*** SOURCE DATA Section Begins ***
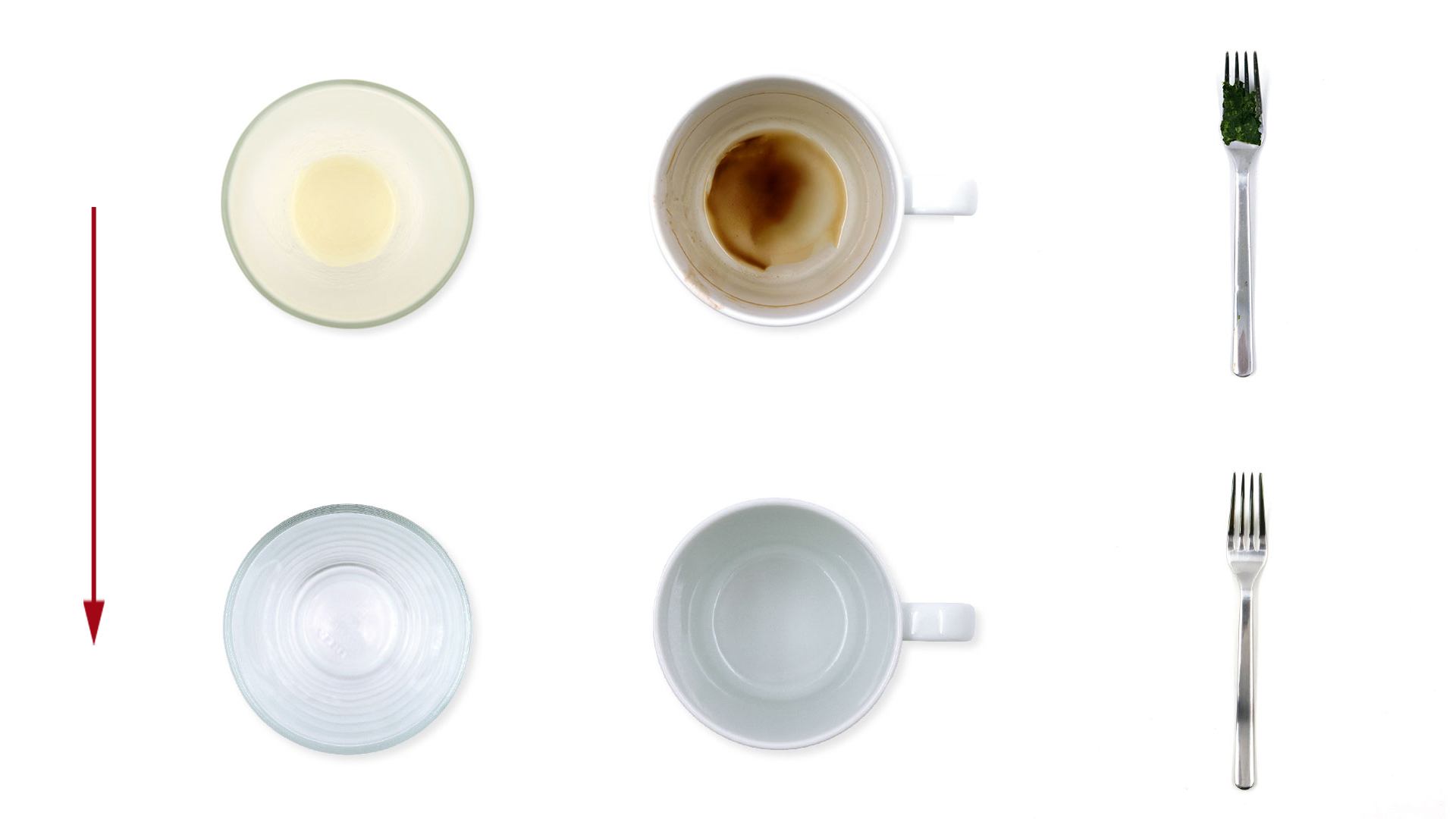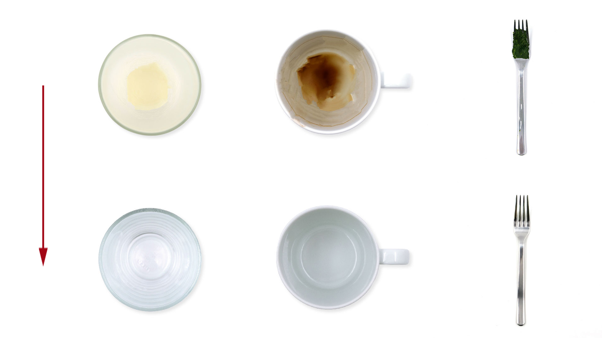 Hier haben wir vor allem die Spülleistung des Modells beurteilt: Das Geschirr wurde vor jedem einzelnen der mehrmals wiederholten Spülgänge gleichmäßig mit verschiedenen Speiserückständen versehen und anschließend bei einer Temperatur von ≈ 24 °C (t∅ d. Labors) und einer relativen Feuchte von ≈ 70 % (φ∅ d. Labors) über einen Zeitraum von 12 h gelagert. Mit welchen Speiserückständen und mit wie viel von ihnen das Geschirr vor den einzelnen Spülgängen vorbereitet wurde, war auch von dem jeweiligen Geschirr abhängig: Wir verteilten also schwere Flecken (bspw. von Milch, Püree, Saucen und Spinat), mittel-leichte bzw. mittel-schwere Flecken (bspw. von Espresso, Marmeladen, Sirups usw.) und leichte Flecken (bspw. von Butter, Suppen und Schokolade mit einem Kakaoanteil i. H. v. ≈ 70 %) über dem Geschirr. Neben der Spülleistung wurde auch die Trocknungsleistung ermittelt. Jedes einzelne Geschirrstück wurde von uns nach Beendigung des jeweiligen Spülgangs von allen Seiten hinsichtlich der vom Modell erbrachten Spül- und Trocknungsleistung bewertet. Des Weiteren wurde der mit den weiteren Funktionen eines Modells verbundene Mehrwert aus der Perspektive durchschnittlicher Verbraucherinnen & Verbraucher benotet. So wurde nach Beendigung eines jeden Spülgangs bspw. auch erhoben, ob der verwendete Tab auch wirklich rückstandslos im Wasser verschwunden ist.
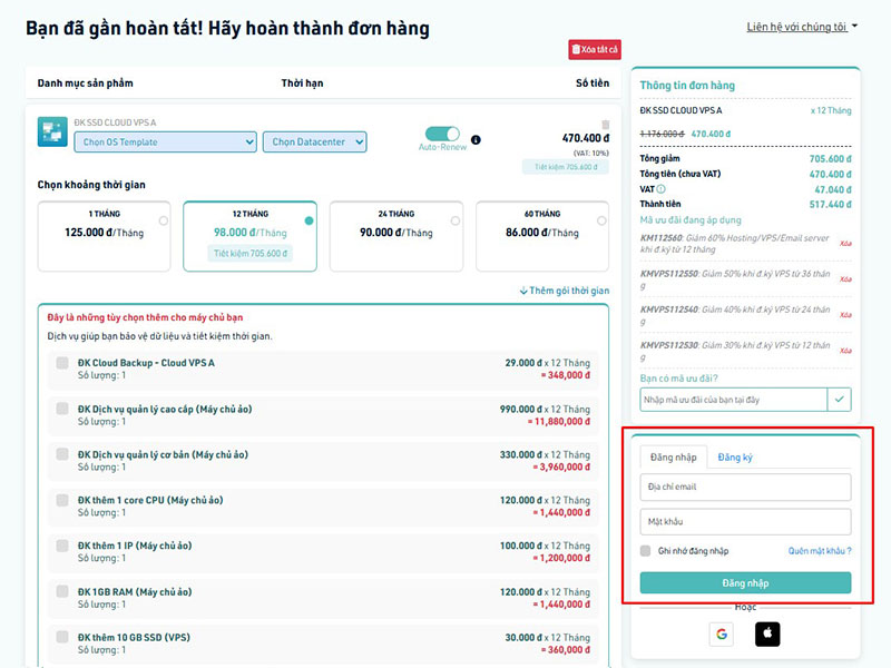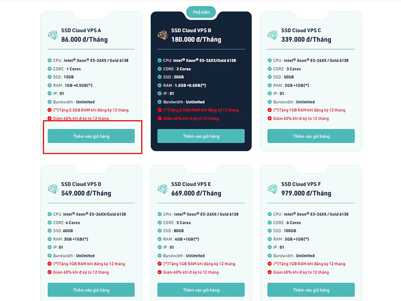 Bước 2: Sau khi chọn gói dịch vụ và bấm vào thêm giỏ hàng:
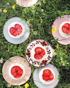 Pipe the poppies: Transfer one-quarter of the buttercream to a bowl (reserve remainder for frosting cupcakes), and tint with food coloring until you reach desired color for poppies. Transfer to a pastry bag fitted with a large petal tip. Cut out twenty 2-by-3-inch rectangles of parchment. Adhere 1 parchment rectangle to a flower nail with a dab of buttercream. Holding the piping bag at a 45-degree angle, pipe 1 petal. Pipe a second petal, overlapping the first by 1/2 to 3/4 inch. Making a tighter turn with the nail, overlap the second petal to pipe a third.
*** SOURCE DATA Section Ends ***
- [YOUR GOAL]: Omit the pictures and give the material again, exactly and in full.

- [ANSWER SPACE]:
 Hier haben wir vor allem die Spülleistung des Modells beurteilt: Das Geschirr wurde vor jedem einzelnen der mehrmals wiederholten Spülgänge gleichmäßig mit verschiedenen Speiserückständen versehen und anschließend bei einer Temperatur von ≈ 24 °C (t∅ d. Labors) und einer relativen Feuchte von ≈ 70 % (φ∅ d. Labors) über einen Zeitraum von 12 h gelagert. Mit welchen Speiserückständen und mit wie viel von ihnen das Geschirr vor den einzelnen Spülgängen vorbereitet wurde, war auch von dem jeweiligen Geschirr abhängig: Wir verteilten also schwere Flecken (bspw. von Milch, Püree, Saucen und Spinat), mittel-leichte bzw. mittel-schwere Flecken (bspw. von Espresso, Marmeladen, Sirups usw.) und leichte Flecken (bspw. von Butter, Suppen und Schokolade mit einem Kakaoanteil i. H. v. ≈ 70 %) über dem Geschirr. Neben der Spülleistung wurde auch die Trocknungsleistung ermittelt. Jedes einzelne Geschirrstück wurde von uns nach Beendigung des jeweiligen Spülgangs von allen Seiten hinsichtlich der vom Modell erbrachten Spül- und Trocknungsleistung bewertet. Des Weiteren wurde der mit den weiteren Funktionen eines Modells verbundene Mehrwert aus der Perspektive durchschnittlicher Verbraucherinnen & Verbraucher benotet. So wurde nach Beendigung eines jeden Spülgangs bspw. auch erhoben, ob der verwendete Tab auch wirklich rückstandslos im Wasser verschwunden ist.
 Bước 2: Sau khi chọn gói dịch vụ và bấm vào thêm giỏ hàng:
 Pipe the poppies: Transfer one-quarter of the buttercream to a bowl (reserve remainder for frosting cupcakes), and tint with food coloring until you reach desired color for poppies. Transfer to a pastry bag fitted with a large petal tip. Cut out twenty 2-by-3-inch rectangles of parchment. Adhere 1 parchment rectangle to a flower nail with a dab of buttercream. Holding the piping bag at a 45-degree angle, pipe 1 petal. Pipe a second petal, overlapping the first by 1/2 to 3/4 inch. Making a tighter turn with the nail, overlap the second petal to pipe a third.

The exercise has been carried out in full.